About this exercise: Word for word, reproduce each line of the data below, omitting every image.

Provided material:
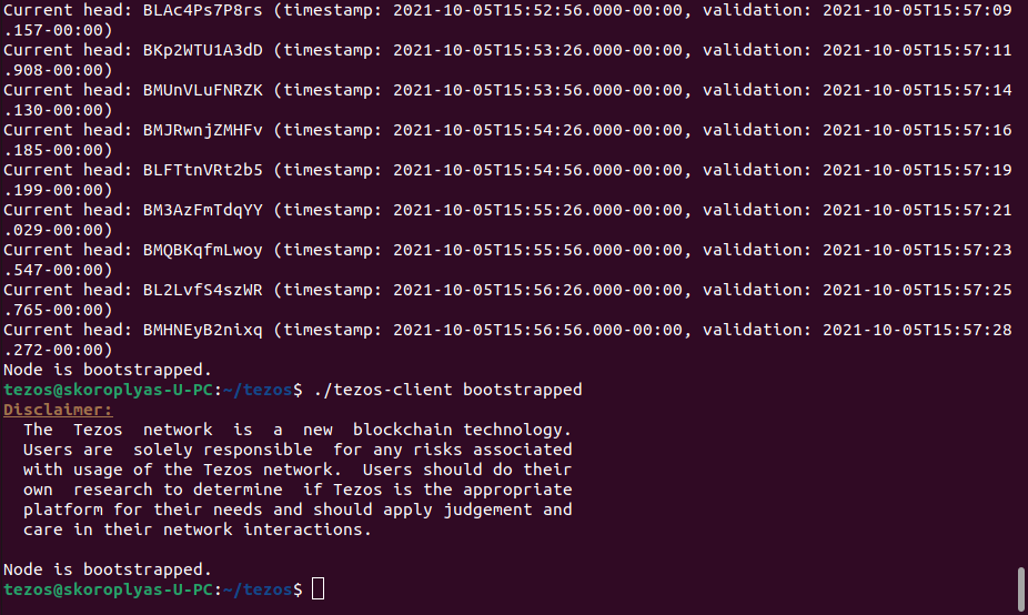 Когда узел полностью синхронизируется, терминал выдаст сообщение “node is bootstrapped”.
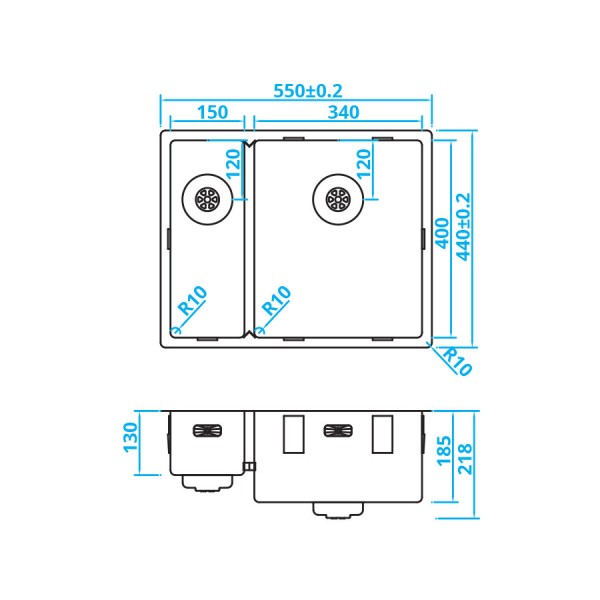 Diepte: 185+130mm
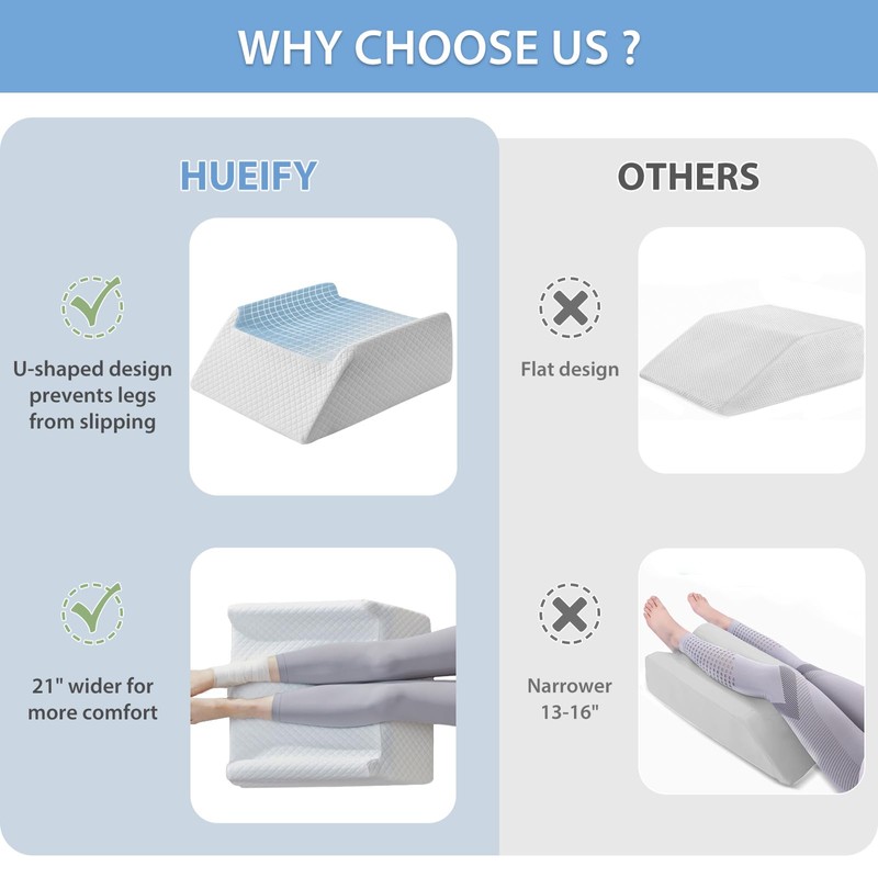 - Ease discomfort leg elevation pillows for after surgery: Backaches, knee soreness, and varicose veins frequently disrupt your sleep. Our knee surgery pillow offers help by raising your legs, alleviating pain for a more comfortable and restful sleep. A comfortable night's rest sets the stage for a great day ahead
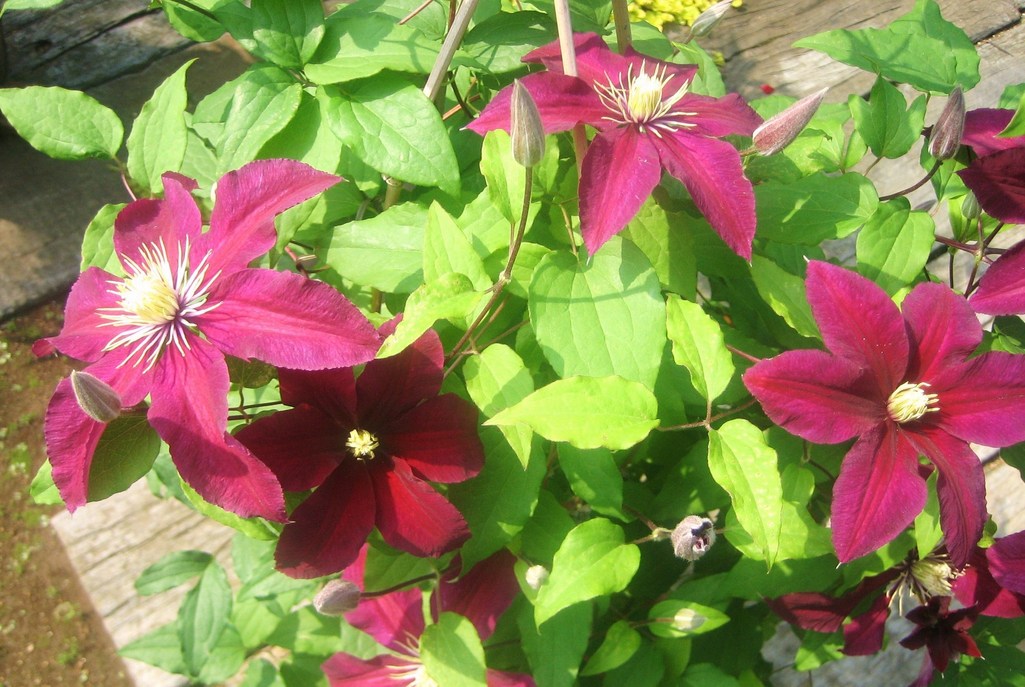 ビロードのような質感、臙脂の花弁と黄色の花芯のコントラスト、シックで華やか、丈夫なクレマチスです。

Task response:
 Когда узел полностью синхронизируется, терминал выдаст сообщение “node is bootstrapped”.
 Diepte: 185+130mm
 - Ease discomfort leg elevation pillows for after surgery: Backaches, knee soreness, and varicose veins frequently disrupt your sleep. Our knee surgery pillow offers help by raising your legs, alleviating pain for a more comfortable and restful sleep. A comfortable night's rest sets the stage for a great day ahead
 ビロードのような質感、臙脂の花弁と黄色の花芯のコントラスト、シックで華やか、丈夫なクレマチスです。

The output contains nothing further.